Cape Verdean-American critical theorist and linguist

Donaldo Pereira Macedo (born 1950) is a Cape Verdean-American critical theorist, linguist, and expert on literacy, critical pedagogy and multicultural education studies. Until 2019 he was Distinguished Professor of Liberal Arts and Education at the University of Massachusetts Boston. He was also the founder of the Master of Arts Program in Applied Linguistics at the University of Massachusetts Boston, and chaired the program until approximately 2012.

He has published extensively in the areas of linguistics, critical literacy, and bilingual and multicultural education. His work in translating and editing works of Paulo Freire, his published dialogues with Freire, and his own research on Freire's pedagogy, have significantly contributed to the field of critical pedagogy.
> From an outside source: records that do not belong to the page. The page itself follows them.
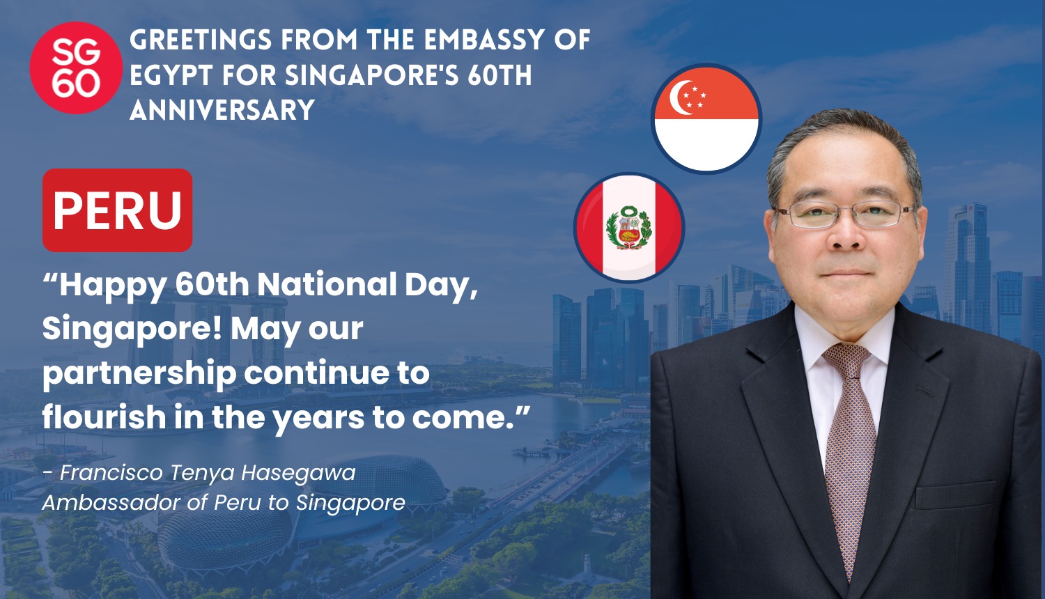 The Embassy of Peru marks Singapore’s 60th National Day with a message of friendship, highlighting 45 years of growing bilateral ties in trade, sustainability, and people-to-people connections.
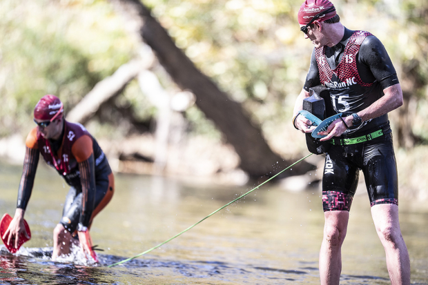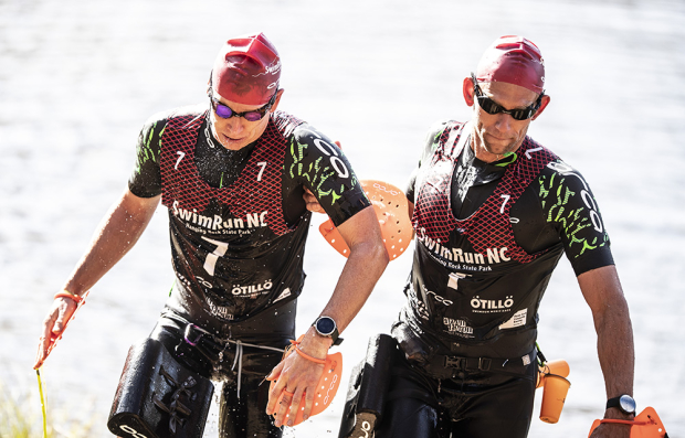 Jonathan Story and Tim Ferguson were wearing the silver bibs as the second ranked male team from the 2019 US SwimRun season. But with all but one race cancelled or postponed in 2020, they had to wait until 2021 to wear it in NC. Story and Ferguson were 7th in the end.
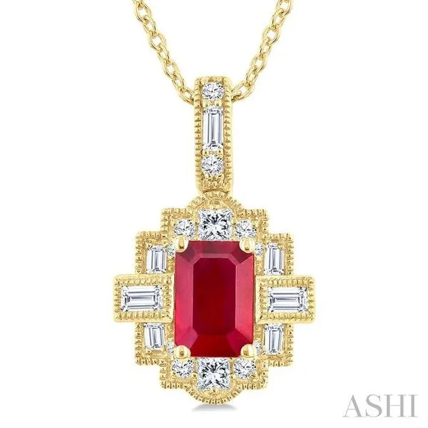 6X4 MM Octagon Shape Ruby and 1/4 Ctw Round and Baguette Cut Diamond Precious Pendant With Chain in 14K Yellow Gold Image 2 Adler's Diamonds Saint Louis, MO
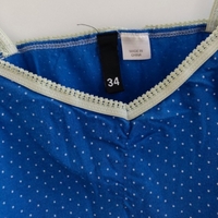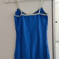 Lähes uudenveroinen ihana sininen toppi valkoisilla pilkuilla, koko 34(XS). Joustavaa puuvillaa.
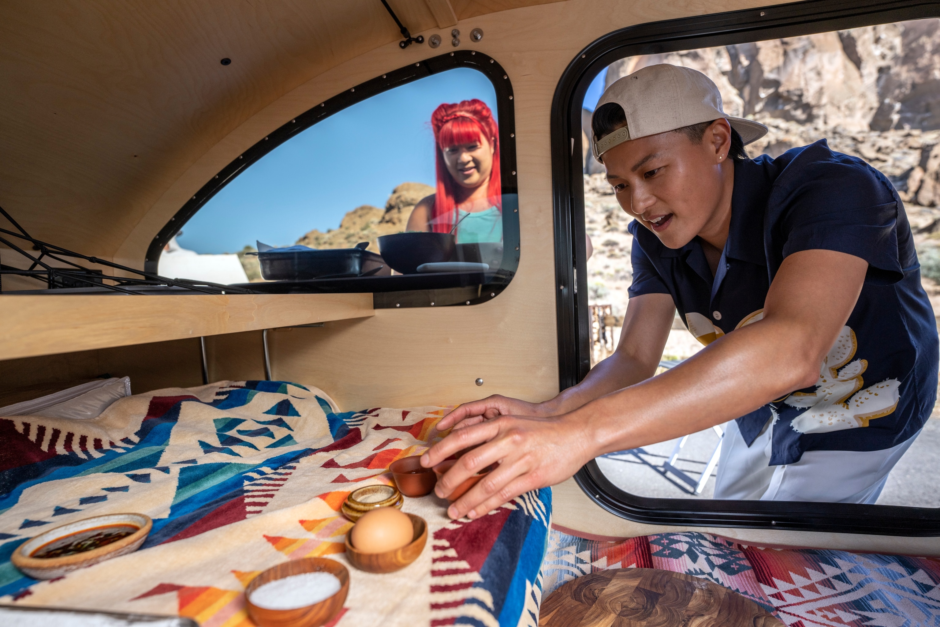 Back in the CX-50, King and Yee pull a camper—packed with everything King needs to make her dish—on the trailer hitch. They drive to a spot with a stunning view of the cliffs and unload the camper. King removes a wok, a large bowl-shaped pan commonly used in Asian cooking, from the trailer and reveals to Yee that they’re going to make her favorite food: dumplings.

Macedo co-authored two books with Freire, Literacy: Reading the Word and the World (1987) and Ideology Matters (2002). His other publications include: Literacies of Power: What Americans Are Not Allowed to Know (1994), Dancing With Bigotry (with Lilia Bartolome, 1991), and Critical Education in the New Information Age (with Manuel Castells, Ramón Flecha, Paulo Freire, Henry Giroux and Paul Willis, 1999). He also served as the editor for and contributed an introduction to Noam Chomsky's Chomsky on Miseducation (2000).

==Biography==
Macedo was born on the island of Brava in the Cape Verde islands, off the coast of northwest Africa. He attended middle and high school on the island of São Vicente. He has six siblings, including a brother, Viriato (today known as Vinny deMacedo), who is 15 years younger. In 1966, the family immigrated to the United States, and settled in the Dorchester neighborhood of Boston, Massachusetts; three years later, Macedo's parents moved his siblings to the nearby coastal town of Kingston, while he remained in Dorchester with his grandmother to finish his studies at English High School.

He earned a BA at the University of Massachusetts Boston, and a master's degree in Spanish literature at New York University. In 1989 he completed a PhD in applied linguistics at Boston University, with a dissertation on Cape Verdean Creole.